Feeds came and went, until 3:30. I had been counting the feeds, so I knew where I was time-wise. I figured I had to be around 6 miles. So far so good. I did not use my safe word. But Tony told me at this feed, “Only two more.” I thought, how’s he know how many feeds I have left. I asked out loud, “Feeds?” “No,” he answered. “Miles.”

I was astounded. Not possible. Even with a good push (which I knew we weren’t getting), that would be quite fast. 8 miles in 3:30? Turns out, a motor boat had passed him about 15 min prior and told him 2.6 miles from that point. He guessed we had 2 miles to go.

So I threw the feed cup at him and put my head down and swam. I swam hard. I thought, Wow, I could finish this in under 5 hours! How exciting. Tony told me later that he had to paddle harder than before to keep up with me for the first 15 minutes after he told me that. I felt great. No longer cared about any soreness, if it had appeared.

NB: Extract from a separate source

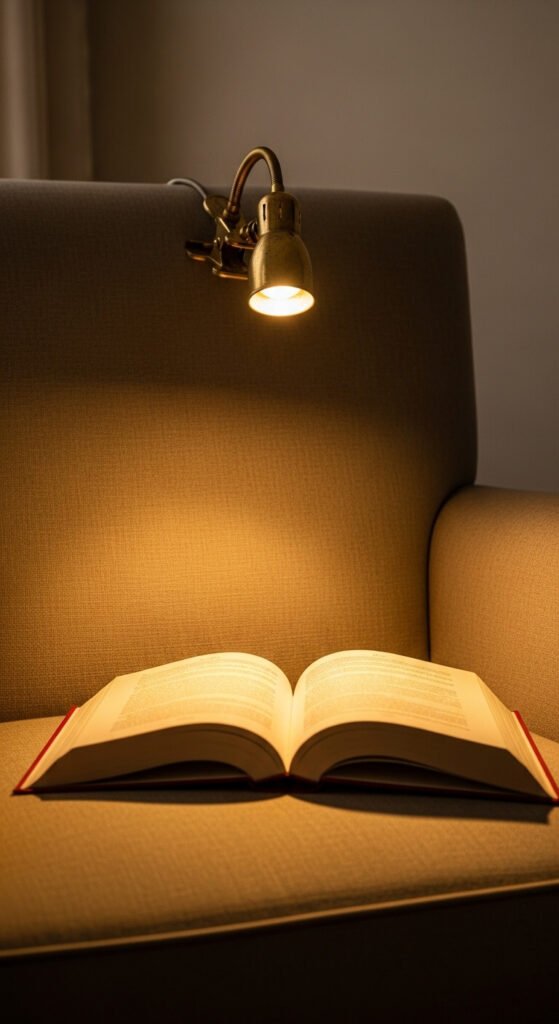 You don’t need a dedicated room to have a reading nook. A clip-on adjustable spotlight ($12–$25) attached to a shelf or chair gives you exactly the right amount of focused light without illuminating the whole room. This lets one person read while the other sleeps. It keeps the rest of the room dim and cozy. Choose a warm-toned bulb. Brass or black finishes look clean and deliberate. It’s a tiny purchase that significantly improves how you use your space at night.

The next feed came quick. I thought Tony had stopped me early to tell me something, but no, it was the 4:00 feed. He said the finish buoy was an orange blip way off on the horizon. I didn’t want to look; I took a quick glance but didn’t try that hard to find it. I didn’t want to see it.

At 4:30 he stopped me and asked if I wanted to drink or just finish as the buoy was only a few 100 meters away. I answered by swimming hard to the finish. I decided at that point to sight every 100 strokes. Even thought I didn’t need it, I wanted to see the buoy get bigger and bigger. It took a while, but it did get bigger. At 4:44 I touched it. 10 miles in less than 5 hours. w00t!

endingGlad to be done! (Photo by Phyllis Williams)

Next, lessons learned.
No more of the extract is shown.